Heating my broodies

Discussion in 'Raising Baby Chicks' started by Hungarylife, Aug 27, 2014.

  1. Hungarylife

    Hungarylife In the Brooder

    Jun 9, 2014
    Do I need to leave the heat lamp on my 3 day old chicks 24/7?

    It seems awfully bright in their box.

    They are in the house at the moment and it is not cold.
  2. HugHess

    HugHess Chickrack Addict

    Jul 14, 2014

    It's my understanding, and please verify this within the raising chicks thread in The Learning Center, as well as other posters... your newborn chicks definitely need to start out at 100 degrees 24/7 for their first week and then they can be dropped by roughly 5 degrees for /each week after that...24/7 until they are fully feathered, usually between 6-8 weeks (I believe).

    So, short answer, yes they do. If the light is bothering anyone you can switch it out for the lights at the pet store usually for reptiles. They come in red and bluish black. There are also ceramic heaters out there.

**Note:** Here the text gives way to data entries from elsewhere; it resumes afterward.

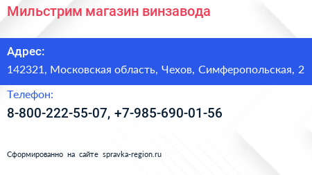 Мильстрим, магазин винзавода по адресу 142321, Московская область, Чехов, Симферопольская, 2 в дальнейшем Организация, размещена в следующих категориях:
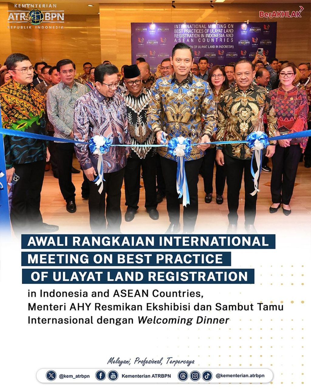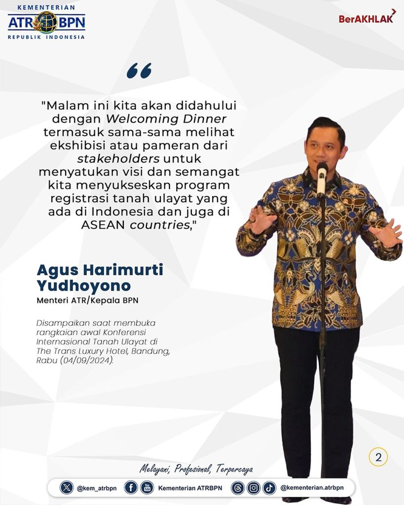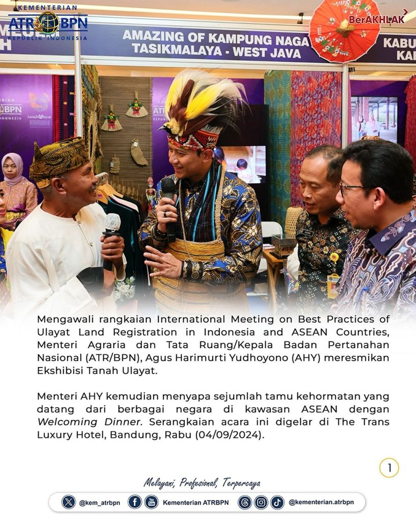 Mengawali rangkaian International Meeting on Best Practices of Ulayat Land Registration in Indonesia and ASEAN Countries, Menteri Agraria dan Tata Ruang/Kepala Badan Pertanahan Nasional (ATR/BPN), Agus Harimurti Yudhoyono (AHY) meresmikan Ekshibisi Tanah Ulayat yang digelar di The Trans Luxury Hotel, Bandung, Rabu (04/09/2024).
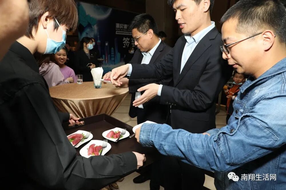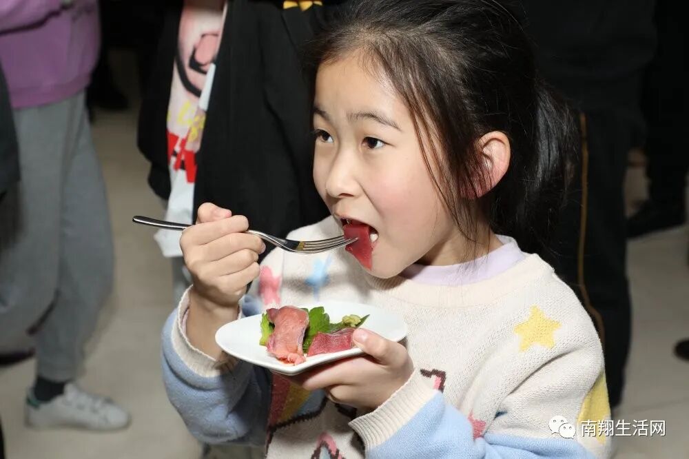 蓝鳍金枪鱼肉富含蛋白质、EPA、DHA、维生素等营养价值,开鱼仪式结束后,宾客在品尝金枪鱼肉。

    Hope this helps... Learning Center will answer that and probably anything else you may wonder about.
    Last edited: Aug 27, 2014
  3. iwiw60

    iwiw60 Crowing

    Jan 27, 2014
    Central Oregon
    I started my day-old chicks out at 95 the first week, then lowered the temp 5 degrees each succeeding week. I don't know what the temps are where you live right now, but when 'your' temps coincide with what you're running for 'them' you can quit with the heat lamp. Personally, I think 100 degrees is waaaay too hot even for new chicks.
  4. RJSorensen

    RJSorensen Chicken George

    Normal body temperature of chickens is 102-103F, so 100 degrees is ok with new born chicks. Chickens can not regulate their body temperature until they are around five weeks or so, depending on how fast they feather out. You should have at least 18 inches from the 'red' heat lamp and the floor of your brooder. Reducing the temperature 5 degrees a week is per normal practice. Keep in mind enough space for your birds to move away from the heat if they feel a tad warm.